═════ EXCERPTED RECORDS ═════
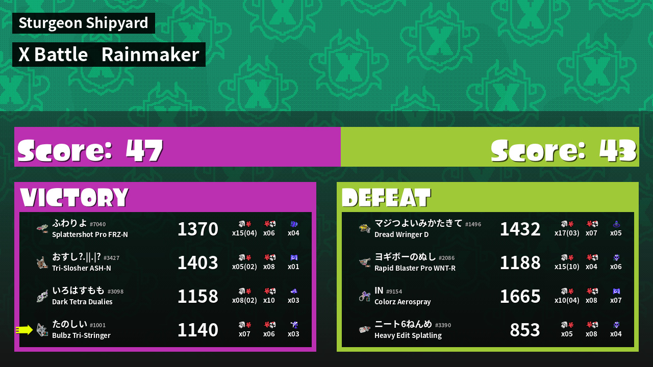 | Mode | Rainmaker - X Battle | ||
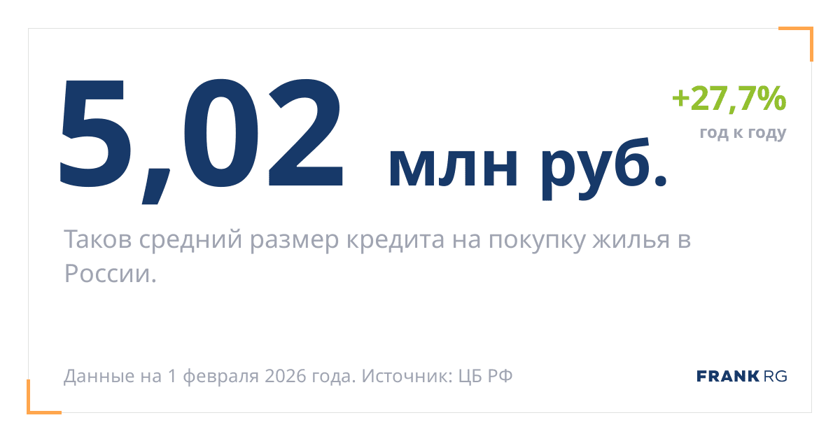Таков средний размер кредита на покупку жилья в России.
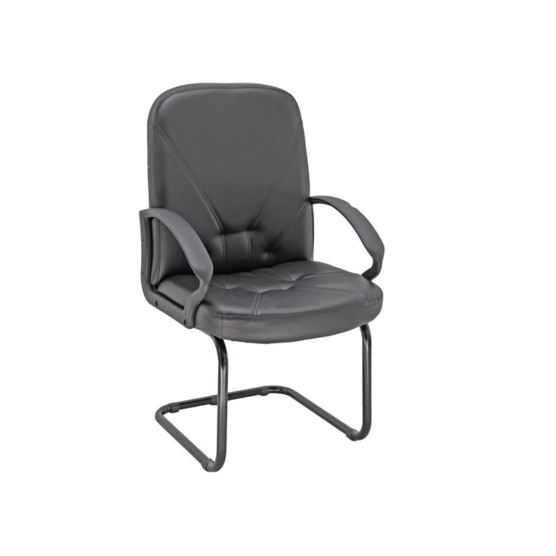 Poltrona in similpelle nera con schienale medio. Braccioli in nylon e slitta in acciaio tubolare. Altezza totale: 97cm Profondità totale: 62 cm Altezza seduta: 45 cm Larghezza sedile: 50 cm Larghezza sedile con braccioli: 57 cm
═════
═════ EXCERPTED RECORDS ═════
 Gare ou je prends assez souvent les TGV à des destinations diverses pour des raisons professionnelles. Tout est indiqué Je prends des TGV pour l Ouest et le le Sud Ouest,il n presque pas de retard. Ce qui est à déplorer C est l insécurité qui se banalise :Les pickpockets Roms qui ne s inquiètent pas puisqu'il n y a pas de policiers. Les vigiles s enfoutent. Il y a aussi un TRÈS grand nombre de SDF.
═════
◆ **ACTIVITY**: In the listing above, find the line containing "Battle | ||". Output it and every line after it up to and including the line containing "Poltrona in similpelle", exactly, but skip the pictures.

◆ **TASK ANSWER**:
 | Mode | Rainmaker - X Battle | ||
Таков средний размер кредита на покупку жилья в России.
 Poltrona in similpelle nera con schienale medio. Braccioli in nylon e slitta in acciaio tubolare. Altezza totale: 97cm Profondità totale: 62 cm Altezza seduta: 45 cm Larghezza sedile: 50 cm Larghezza sedile con braccioli: 57 cm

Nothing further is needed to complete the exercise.